With the awful grace of God

The universal agony of facing the death of a loved one expressed in the column is a fine tribute to a man who spent his life and career in quest of the issues of God and the human soul. He no doubt would understand and appreciate the inquiry by his son. Yet, as a man of faith and humility he would tell the son, “Enough already! Haven’t I taught ye anything? It is all right.”

Tom Connolly

Portland

Program on Malaga Island enlightens as it informs

I have just recently heard a radio broadcast of “Malaga Island: A Story Best Left Untold” on my local public radio station (WMEA 90.1 FM) and was totally fascinated by it. 

I’ve lived in the Bath-Brunswick area for 30-plus years and have friends who lived in Phippsburg. I’ve traveled Route 209 to Popham and Morse Mountain more times than I can count, and I only “kinda” knew that someplace called Malaga Island existed.

As the project so eloquently proclaims, “No one wants to talk about it.”

I look forward to delving into the MPBN website and other sources of information on the subject, but in the meantime I wanted to let MPBN know what a wonderful job it has done. 

The radio broadcast alone was a gift to everyone who cares about local history, but the website is a work of art (and a “work in progress,” I hope).

I hope that MPBN continues this good work, and suggest a Chapter 2: “An Untold Story Finally Told.”

 John Kappes

Brunswick

Schools regularly violate students’ right to privacy

The Family Educational Rights and Privacy Act of 1974 is a federal law. It states that schools must have written permission from the parent/guardian or eligible student in order to release information from a student’s education record.

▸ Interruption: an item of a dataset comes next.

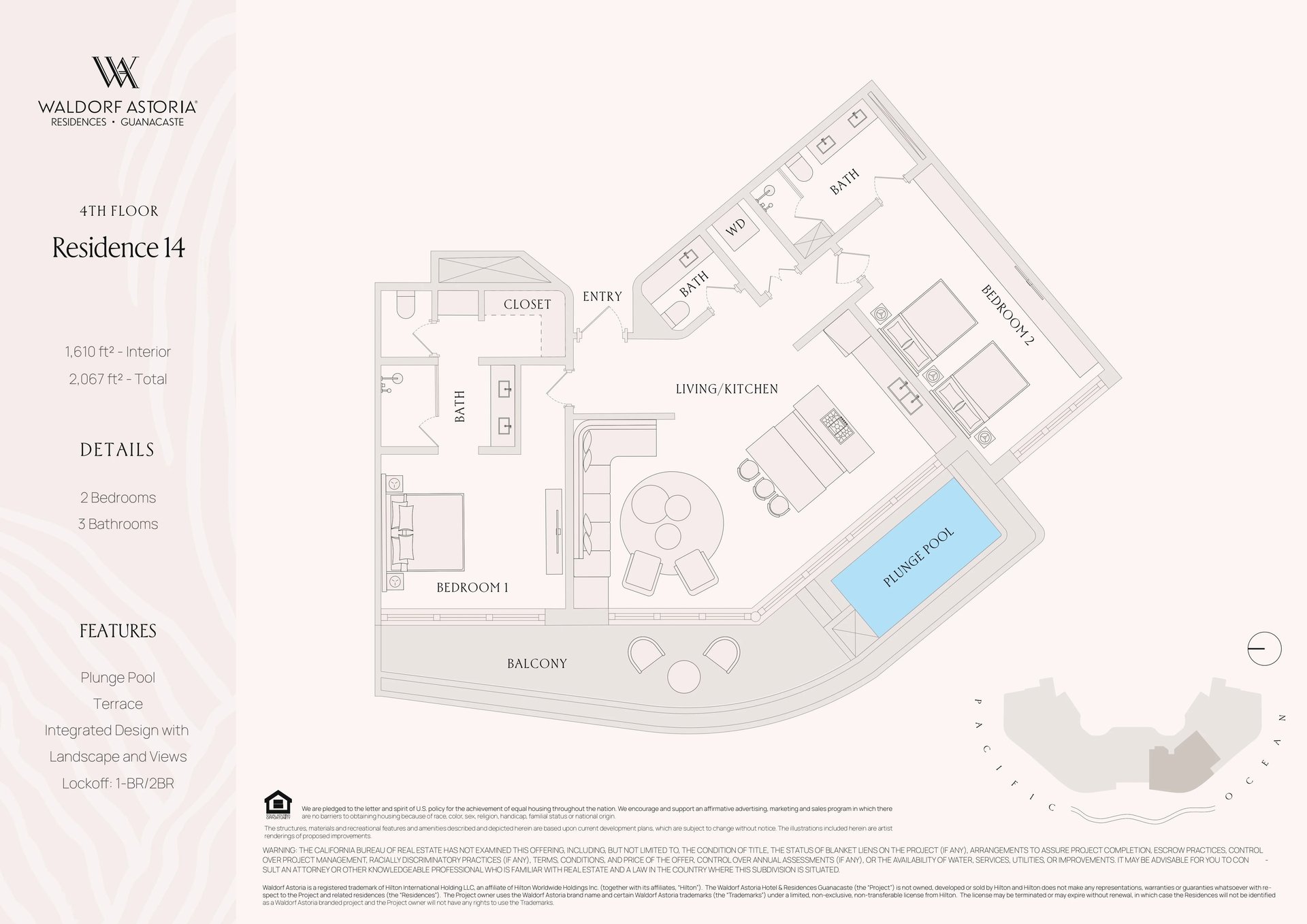 This brand-new, never-lived-in 2-bedroom, 3-bath residence offers 1,610 sq ft of interior living space, thoughtfully designed for seamless indoor-outdoor living. Floor-to-ceiling glass doors open to an additional 457 sq ft of covered outdoor terrace, complete with a private plunge pool, creating a tranquil extension of the living space and framing stunning ocean and lush landscape views.

Therefore, Maine students and families should feel secure about private information being released only with their consent.

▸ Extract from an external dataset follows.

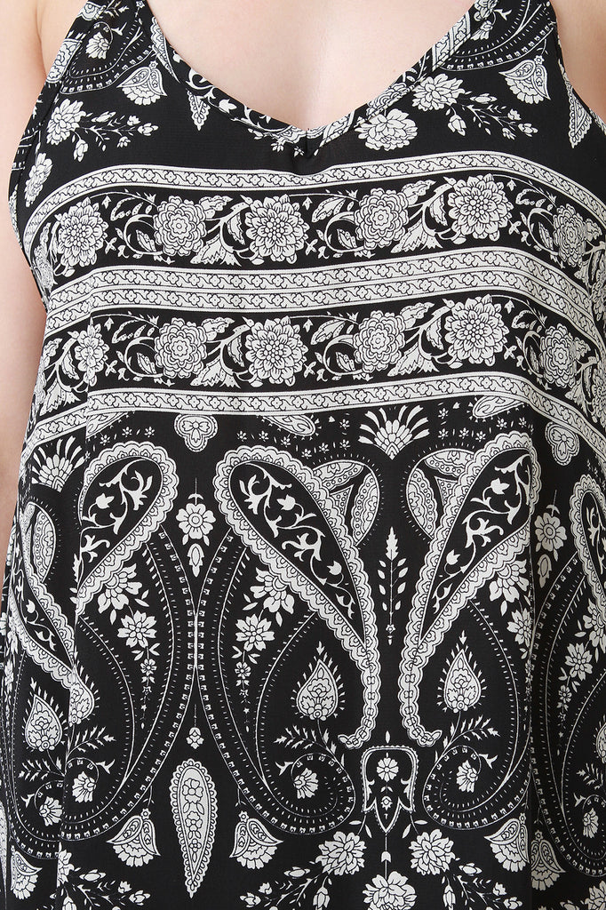 This dress features a relax cut fit, floral and paisley pattern print, sleeveless, v-neckline, racer back, and spaghetti shoulder straps. Accessories sold separately. Made in U.S.A. 100% Polyester.

However, Maine schools routinely violate FERPA.  

Each year, Maine high school students take the Armed Services Vocational Aptitude Battery test. Data from this test is routinely forwarded to military recruiters without student or parent/guardian permission.

Of course, students and families who are interested in exploring a career in the military may opt to release their data at any time, but those who are not should be able to depend on FERPA to protect their privacy.  

It is my hope that superintendents will direct their schools to protect the privacy of their students beginning with the 2012-2013 school year. FERPA is the law, and our students deserve no less.